La stupidité du mouvement sioniste envers le sort de la communauté juive européenne ne l’empêcha pas, bien sûr, d’accuser plus tard le monde entier d’indifférence vis-à-vis de la catastrophe juive et d’avoir des exigences insistantes, matérielles, politiques ou morales sur le monde entier à cause de cette indifférence. Boas Evron, auteur israélien, "Jewish State or Israeli Nation ?"

J’ai déjà expliqué en détail le motif de notre présence ici, raisons, que je peux affirmer en tant que pionnier de 1906, qui n’ont rien à voir avec les Nazis ! … Nous sommes ici car cette terre est la nôtre. Et nous sommes ici parce que nous l’avons faite nôtre une nouvelle fois grâce au travail que nous y avons consacré. Le nazisme et notre passé de martyre à l’étranger n’ont pas de lien direct avec notre présence en Israël. David Ben Gourion, "Mémoires."

Rétrospectivement, il est facile de dire que les millions de Juifs qui furent assassinés pendant l’Holocauste auraient pu être sauvés si la Palestine avait été une destination permettant une immigration illimitée. Toutefois, l’histoire de cette période n’est pas simple. Premièrement, il faut garder en mémoire que d’autres plans réalistes d’intégration furent proposés, mais rejetés activement par le mouvement sioniste. Deuxièmement, en Europe, la grande majorité des Juifs n’étaient pas sionistes et n’essayèrent pas d’émigrer en Palestine avant 1939. Troisièmement, une fois la guerre commencée, les Nazis occupèrent divers pays et refusèrent de laisser partir les Juifs, rendant l’émigration virtuellement impossible. Et la Palestine, ainsi que nous l’avons démontré, était déjà occupée ; les Arabes natifs avaient des raisons autrement plus valables que d’autres pays pour limiter l’immigration juive. Lisez donc ceci :

L’émigration vers la Palestine avant la deuxième guerre mondiale

En 1936, la Ligue Sociale Démocratique (Social Democratic Bund) remporta une large victoire dans les élections de la kehilla[16]juive en Pologne… Ses caractéristiques principales comprenaient ‘une hostilité inflexible au sionisme’ et à l’entreprise sioniste de l’émigration juive de la Pologne vers la Palestine. La Ligue souhaitait que les Juifs polonais combattent l’antisémitisme en Pologne en y restant… Les principaux partis et mouvements de la communauté juive polonaise d’avant 1939 s’opposaient aussi, par principe, à l’objectif sioniste… "Partout ailleurs en Europe de l’Est… les sionistes étaient encore plus faibles."Prof.

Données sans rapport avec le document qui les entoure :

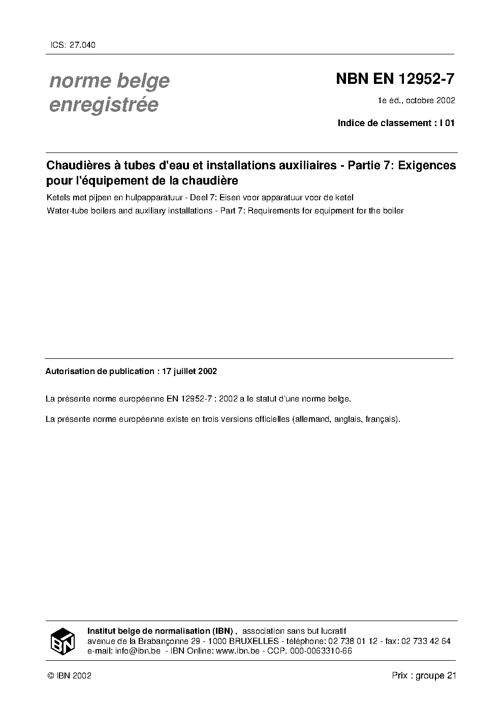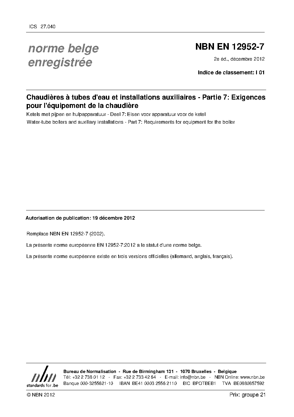 | Publisher | Bureau de Normalisation Belge (NBN) |
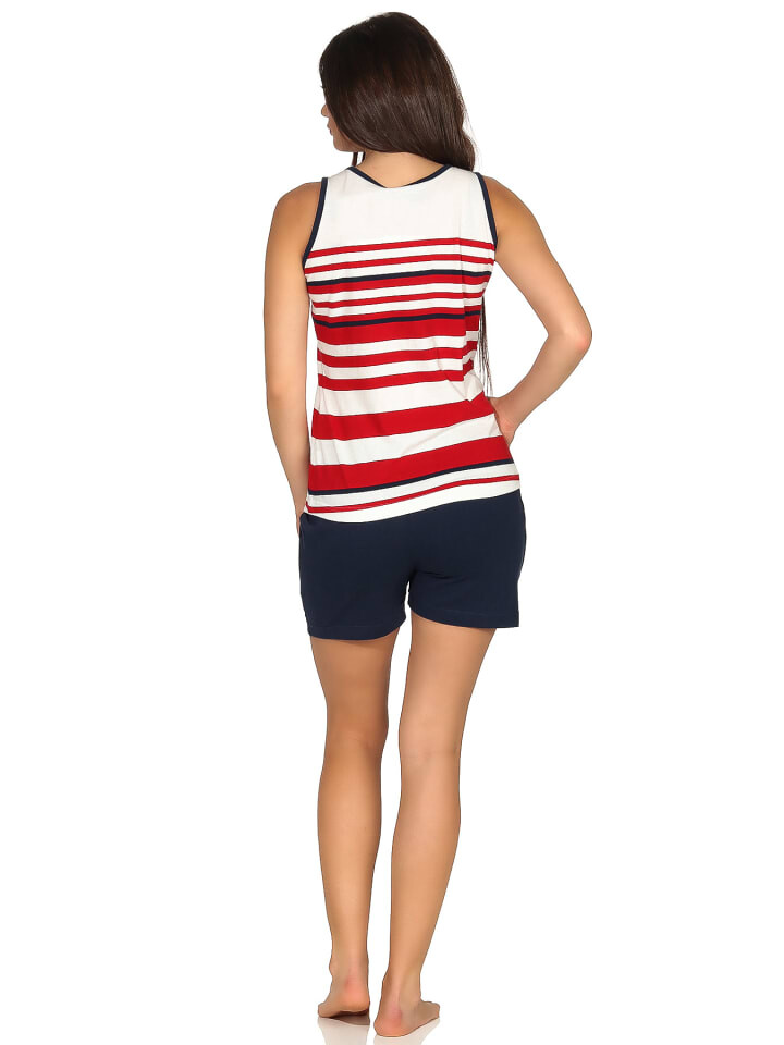 Майка пижамы в классических морских цветах: красном, белом и темно-синем, короткие пижамные штаны соответствующего однотонного цвета. Эта одежда для сна изготовлена из высококачественного хлопка. Пижаму Normann можно носить не только для сна, но и как уютную домашнюю одежду.
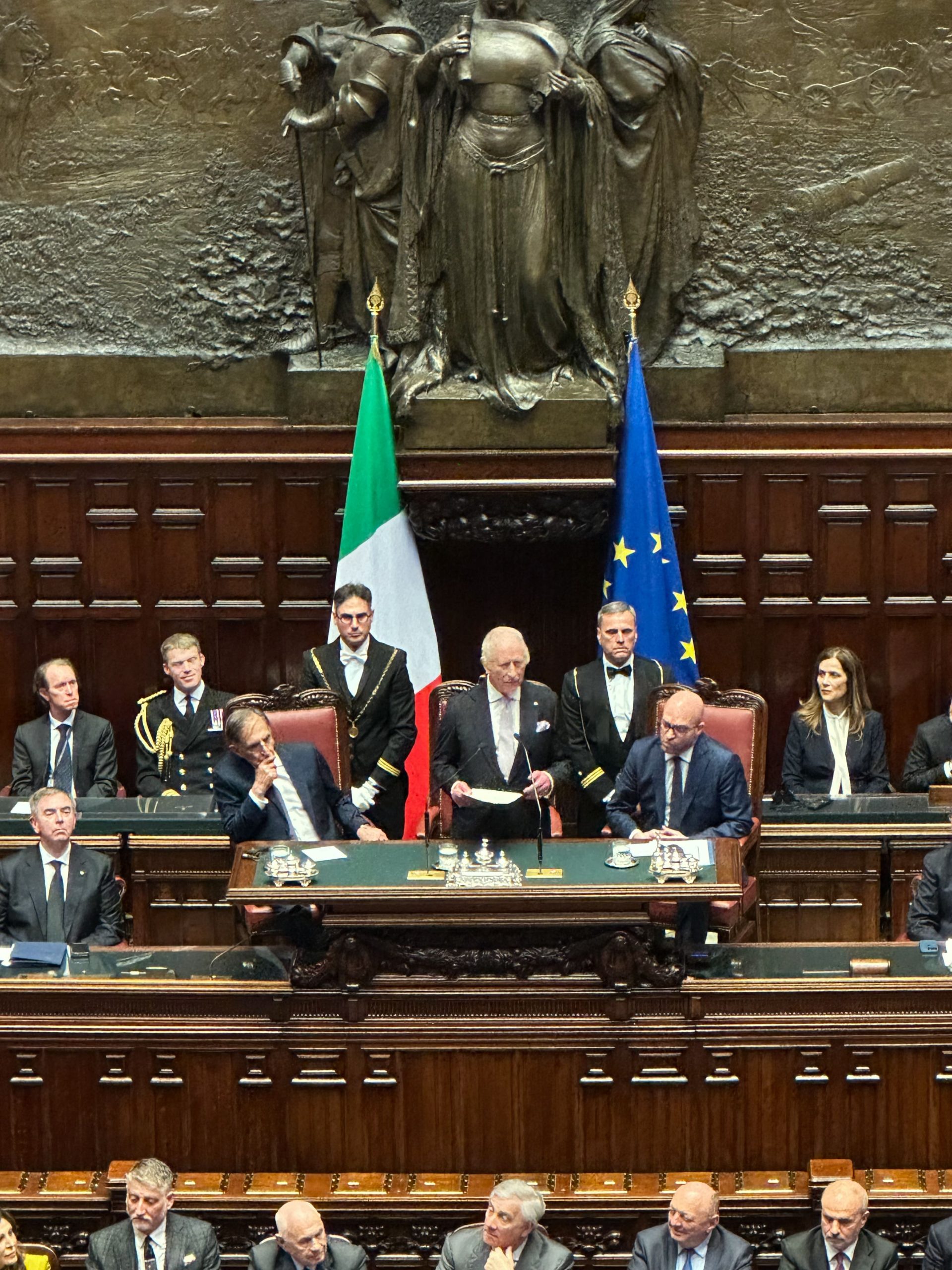 Il Parlamento è gremito, tutti hanno preso posizione, l’impazienza dei presenti è tangibile. Con qualche minuto di ritardo rispetto a quanto prestabilito, fanno il loro tanto atteso ingresso Re Carlo III e Regina Camilla d’Inghilterra. Il Re si siede al centro tra il Presidente del Senato Ignazio La Russa, alla sua destra, e quello della Camera Lorenzo Fontana, alla sua sinistra.
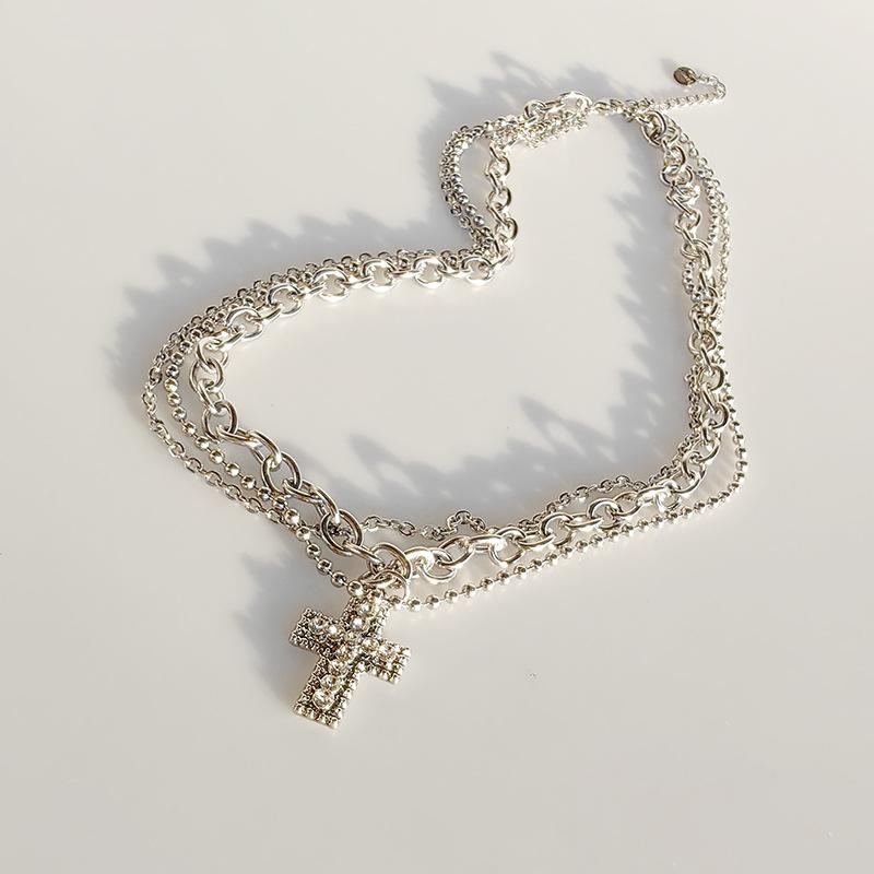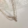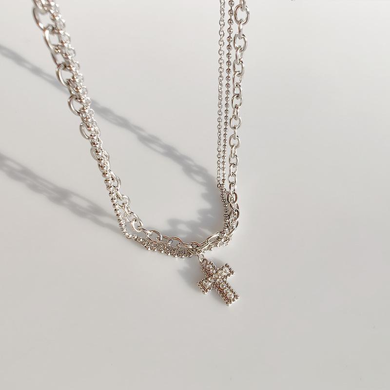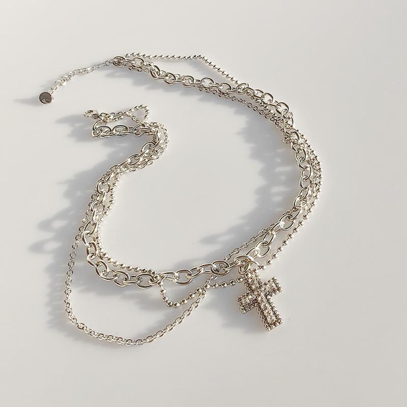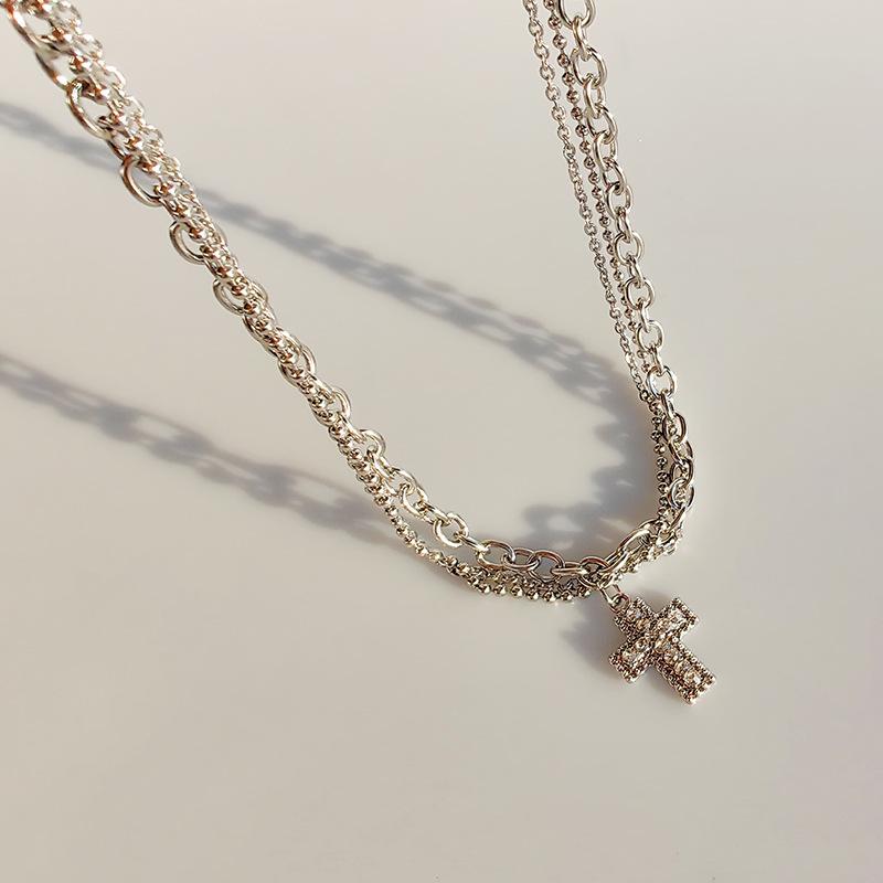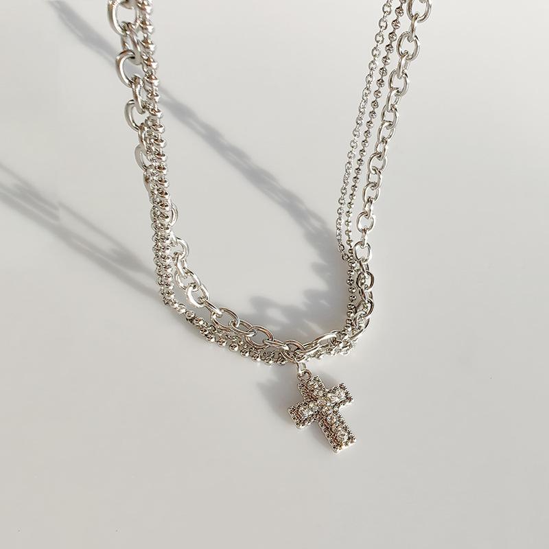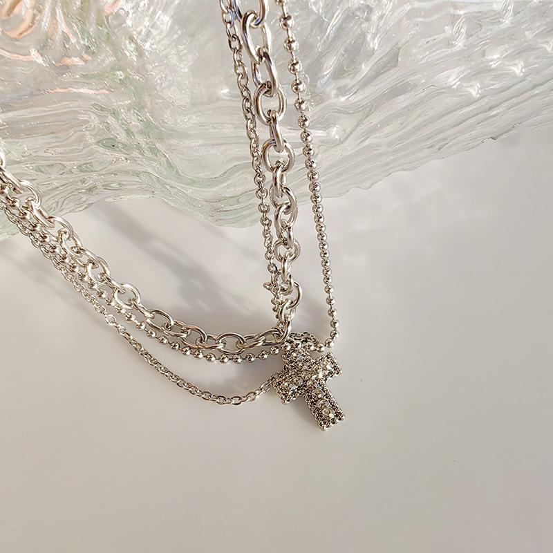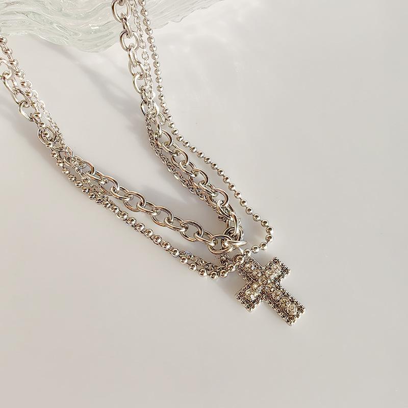 Nuevo y dulce collar cruzado de diamantes de imitación de lujo, ligero y multicapa, estilo moderno y elegante, cadena de clavícula para mujer, estilo nicho de chica atractiva y fría.

William Rubinstein, "The Myth of Rescue."

En fait, le sionisme à subi sa propre défaite par l’Holocauste ; en tant que mouvement, il a échoué. Après tout, il n’avait pas réussi à persuader la majorité des Juifs de quitter l’Europe pour la Palestine alors qu’il en était encore temps. Tom Segev, historien juif, "The seventh Million."

L’émigration pendant la deuxième guerre mondiale

[Avec le commencement de la guerre, le Nazi] instaura dans tous les pays sous son contrôle direct l’interdiction d’émigrer : après 1940-1 il était en effet impossible pour les Juifs d’émigrer légalement de l’Europe occupée par les Nazis vers des lieux de sécurité… Les portes… étaient solidement fermées : par les Nazis, faut-il le souligner. Prof William D. Rubinstein, "The Myth of Rescue."

La Palestine n’était pas non plus un havre de sécurité évident

En septembre 1940, les Italiens, en guerre contre l’Angleterre, bombardèrent le centre-ville de Tel-Aviv, causant une centaine de victimes… Alors que l’armée allemande avait envahi l’Europe et l’Afrique du Nord, il semblait possible qu’elle conquît aussi la Palestine. Pendant l’été 1940, le printemps 1941, et aussi l’automne 1942, le danger semblait imminent. Les yishuv paniquèrent… De nombreuses personnes tentèrent de trouver un moyen de quitter le pays mais ce ne fut pas simple… Quelques-uns… ne prirent pas de risques ; ils avaient sur eux des capsules de cyanure. Tom Segev, historien israélien, "The Seventh Million."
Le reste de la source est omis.